My SO has different issues that are keeping him from having sex with me. But the main one that I would like to talk about is his low sex drive due to him being on Methadone.
I have read up on it so I know it is an unfortunate side effect for both men and women. But it hurts the parter of the opiate addict more. I know I'm not the only one that feels unloved, unwanted, neglected and ugly. And the fact that I have a high drive myself makes it really difficult to cope.
He's on a high dose. I know when it lowers he at least gets somewhat driven. I know that until he gets a seriously low dose or kicks it we still won't be able to do it as much as I like. But I would like to be able to at least a few times a month. To me it's unhealthy for long term couples to not be serially active. Intimacy is a big part of a relationship.
He doesn't care to lower his dose when considering other things it would be better for him. If I even mention Viagra etc he gets upset. Basically he says he wants to be able to make love to me but isn't trying to make things happen.
Everytime I say I'm upset about it or how it makes me sad he accuses me of being a sex addict. I may enjoy it a lot but being accused of that and of just being about sex and wanting him to get better just for sex. It really hurts me. I do tell him.
Tell me... Am I a bad person for wanting to be sexually active with the man I love? Is it wrong of me to be sad about? How can I talk to him about it without getting him upset? How do I get him to try things to make it better?
Also, he is 28 I'm 30. He's on 135mg. He was on only a bit less than that our last time, which was months ago.
Wow that's a real high dose. Sheesh Louise I'm 35 and on 20mg..But what about assisting or coaxing him to start dropping his milligram without specifically saying it's for sex. I mean, I'm not trying to say you don't care about his sobriety and only care about your sex life but maybe try to encourage him to start weaning himself off. Tell him it's time to start to maintain a drug free life (gosh darn I'm so pathetic, whom am I to tell when to start doing what's right) sorry, I got a problem going on in my life because I can't grow the F up. Well and if he still doesn't seem ready to budge then maybe it's time to start thinking of putting yourself first . Your happiness. What gives you joy. And I know everyone is built differently but I never seen a guy or girl completely lose their sex drive over methadone. I may be mistaken. But I see alcohol and heroin being that problem for males only not even for females. Sorry I'm no help to you.
He just went down to 130. But only to switch back to the disc/wafer. We have talked about him tappering off before. He was going to try then changed his mind. I just brought it up and wants to just isn't being motivated.
He says he wants to be able to make love but isn't doing much to get there. Back when we first started having it he was on 130 but was used to the dose. His drive was decent. Then he lowered it just a little and we were having it a lot. But then once he got it back up it went away, no drive. He went cold turkey for a reason I'll talk about another time. He got it back but he was too sore to do more than fool around cause he has a different medical condition. He said the other day his drive will come back when he gets used to the dose. But I'm losing my patience. He doesn't even try to pleasure me in other ways.
He says he wants to be able to make love but isn't doing much to get there. Back when we first started having it he was on 130 but was used to the dose. His drive was decent. Then he lowered it just a little and we were having it a lot. But then once he got it back up it went away, no drive. He went cold turkey for a reason I'll talk about another time. He got it back but he was too sore to do more than fool around cause he has a different medical condition. He said the other day his drive will come back when he gets used to the dose. But I'm losing my patience. He doesn't even try to pleasure me in other ways.

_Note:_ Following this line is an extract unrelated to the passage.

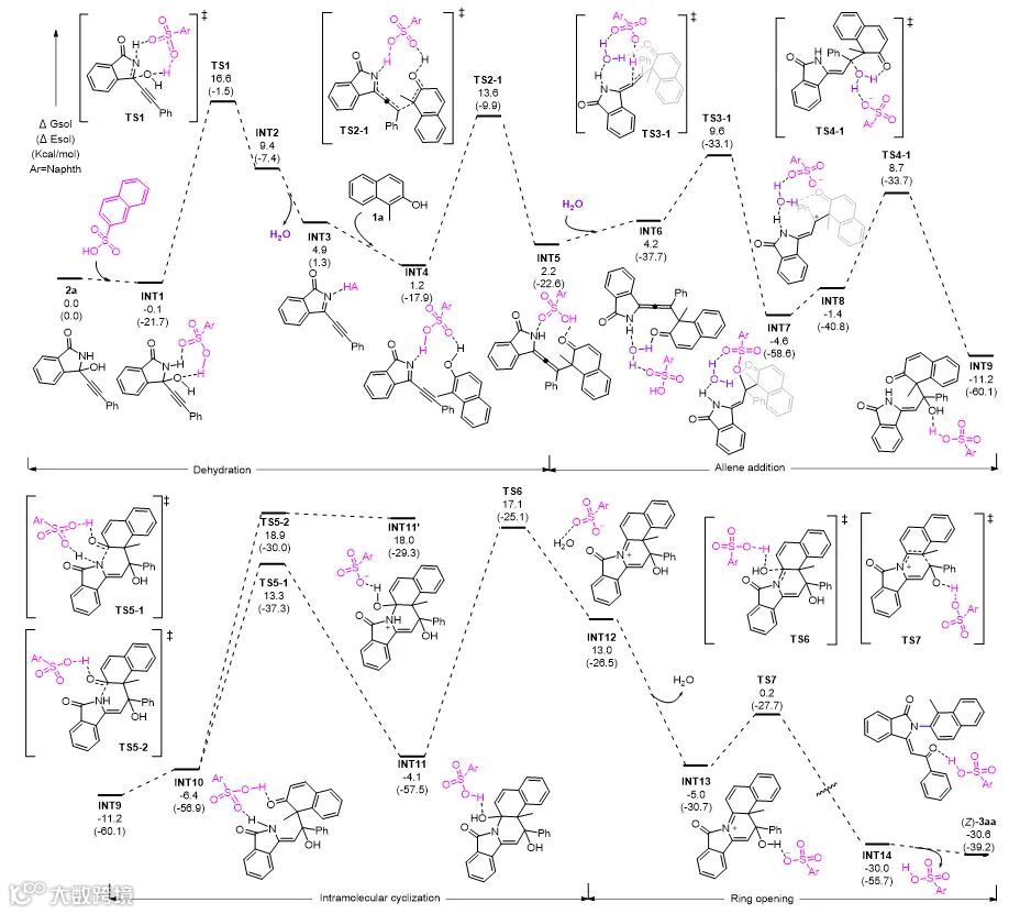 ,其能垒为16.7 kcal/mol。随后,在催化剂作用下发生萘酚的亲核j加成,同时伴随着协同质子转移,生成联烯中间体

I know people say sex isn't important but damn right it is. It's important to have that intimacy. I rarely even gets kisses. And once in a blue moon get a kiss considered making out. Much of the time I feel more like roommates. I get so frustrated I don't care to cuddle anymore cause I want much more. I cry myself to sleep cause I feel ugly and like the man I love doesn't want my body anymore.
This sounds lame but have you ever heard the song circle the drain by Katy perry? I used to have the same feelings as you and feel so down on myself until I heard that song. The lyrics says "you fall asleep during foreplay cause the pills you take are more your forte" and I figured if someone was putting Katy perry down it really must not just be me!! You're not alone hon! You're gorgeous. Try to keep strong, I hope things get better for you guys... I wish I could give you better advice but I'm in the same boat :/
I'm sorry you have to go through it as well. Thanks I hope things will get better for both of us.